Pferdezähne im Fokus

Auf den Zahn gefühlt

Der alljährliche Kontrolltermin beim Zahnarzt gehört für den Menschen zur Gesundheitsroutine dazu, dagegen hat die Zahnmedizin beim Pferd erst in den letzten Jahren so richtig an Fahrt aufgenommen. Die große Schwierigkeit: Pferde zeigen bei Zahnschmerzen keine eindeutigen Symptome – sie leiden still, wodurch ernsthafte Probleme oftmals erst spät erkannt werden. Das PM-Forum wagt den Blick ins Pferdemaul und fühlt den  Vierbeinern auf den Zahn.
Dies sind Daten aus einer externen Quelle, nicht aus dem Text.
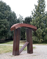 I. Legnaghi, PortaUn simbolo forte – La Porta di Igino Legnaghi si è chiusa. L'affascinante ed evocativa scultura in ferro che accoglieva i visitatori arrivati da via Monguelfo lungo la strada nel parco che porta alla sede del Museo d'arte moderna e contemporanea, al Castello di Masnago, è stata trasferita altrove per volontà del collezionista che la prestò alcuni anni. Era lì, a suo modo, un simbolo di una certa vocazione del museo ad aprirsi alla scultura più attuale, un invito inatteso, una presenza contemporanea altera, stagliata contro il bianco dell'edificio.

Der Zahngesundheit von Pferden wird in den letzten Jahren zum Glück immer mehr Beachtung geschenkt – wenngleich noch immer nicht genug. Foto: Christiane Slawik

Aufbau und Entwicklung

Bei Pferden treten wie beim Menschen auch zwei Zahngenerationen auf: die Milchzähne und Dauerzähne. Der Wechsel findet im Alter zwischen zweieinhalb und viereinhalb Jahren statt. Der Zeitpunkt des Durchtritts der Milchzähne durch das Zahnfleisch sowie der Wechsel von Milchzahn zu Dauerzahn weist rassebedingt extreme Unterschiede auf. „Die Bestandteile Schmelz, Dentin und Zement sind unseren Zähnen identisch, nur der Aufbau ist aufgrund der hyposodonten Zahnentwicklung – also Zähne mit hoher Krone – und durch die Ausbildung eines Schmelzbechers ein anderer. Alle bleibenden Zähne sind an den Seitenflächen von Zement überzogen, wodurch die gelbe Färbung entsteht. Darunter befindet sich der Schmelzmantel als härteste Körpersubstanz. Dentin ist der Hauptbestandteil des Zahns. Durch die unterschiedlichen Härtegrade entsteht eine extrem raue Oberfläche, durch die die Pferde in der Lage sind, Raufutter und Gräser zu zermalmen“, erklärt Dr. Tim Steinberg, auf Zahnmedizin spezialisierter Tierarzt und Teilhaber der Tierklinik Lüsche. Der Aufbau der Zähne begründet die Schmelzfaltenbildung, Falten im Zahnzement, die aus Zahnschmelz bestehen. Durch sie vergrößert sich einerseits die Kaufläche und andererseits verringert sich die Abnutzungsrate, da harte und weiche Zahnsubstanzen nebeneinander liegen. Bis zum Alter von sieben bis neun Jahren findet beim Pferd das Längenwachstum der Zähne statt. 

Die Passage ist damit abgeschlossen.